926. Flip String to Monotone Increasing - Explanation

1. Dynamic Programming (Top-Down)

class Solution:
    def minFlipsMonoIncr(self, s: str) -> int:
        dp = {}

        def dfs(i, mono):
            if (i, mono) in dp:
                return dp[(i, mono)]
            if i == len(s):
                return 0

            if mono and s[i] == "0":
                dp[(i, mono)] = min(1 + dfs(i + 1, False), dfs(i + 1, mono))
            elif mono and s[i] == "1":
                dp[(i, mono)] = min(1 + dfs(i + 1, mono), dfs(i + 1, False))
            elif not mono and s[i] == "1":
                dp[(i, mono)] = dfs(i + 1, mono)
            else:
                dp[(i, mono)] = 1 + dfs(i + 1, mono)

            return dp[(i, mono)]

        return dfs(0, True)

Time & Space Complexity

Time complexity: $O(n)$
Space complexity: $O(n)$

2. Dynamic Programming (Bottom-Up)

class Solution:
    def minFlipsMonoIncr(self, s: str) -> int:
        n = len(s)
        dp = [[0] * 2 for _ in range(n + 1)]

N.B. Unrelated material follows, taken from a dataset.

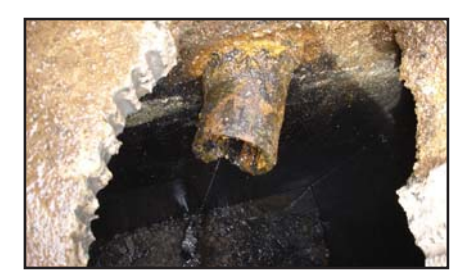
Before (cast iron pipe)

        for i in range(n - 1, -1, -1):
            if s[i] == '0':
                dp[i][1] = min(1 + dp[i + 1][0], dp[i + 1][1])
                dp[i][0] = 1 + dp[i + 1][0]
            else:  # s[i] == '1'
                dp[i][1] = min(1 + dp[i + 1][1], dp[i + 1][0])
                dp[i][0] = dp[i + 1][0]

        return dp[0][1]

Time & Space Complexity

Time complexity: $O(n)$
Space complexity: $O(n)$

3. Dynamic Programming (Space Optimized)

class Solution:
    def minFlipsMonoIncr(self, s: str) -> int:
        n = len(s)
        dp = [0, 0]

        for i in range(n - 1, -1, -1):
            if s[i] == '0':
                new_dp_1 = min(1 + dp[0], dp[1])
                new_dp_0 = dp[0] + 1
            else:  # s[i] == '1'
                new_dp_1 = min(dp[1] + 1, dp[0])
                new_dp_0 = dp[0]

            dp[1] = new_dp_1
            dp[0] = new_dp_0

        return dp[1]

Time & Space Complexity

Time complexity: $O(n)$
Space complexity: $O(1)$ extra space.

4. Prefix & Suffix Arrays

class Solution:
    def minFlipsMonoIncr(self, s: str) -> int:
        n = len(s)
        left_ones = [0] * (n + 1)
        right_zeros = [0] * (n + 1)

        for i in range(n):
            left_ones[i + 1] = left_ones[i] + (1 if s[i] == '1' else 0)

        for i in range(n - 1, -1, -1):
            right_zeros[i] = right_zeros[i + 1] + (1 if s[i] == '0' else 0)

        res = float('inf')
        for i in range(n + 1):
            res = min(res, left_ones[i] + right_zeros[i])

        return res

Time & Space Complexity

Time complexity: $O(n)$
Space complexity: $O(n)$

5. Dynamic Programming (Optimal)

class Solution:
    def minFlipsMonoIncr(self, s: str) -> int:
        res  = cntOne = 0
        for c in s:
            if c == '1':
                cntOne += 1
            else:
                res = min(res + 1, cntOne)
        return res

Time & Space Complexity

Time complexity: $O(n)$
Space complexity: $O(1)$ extra space.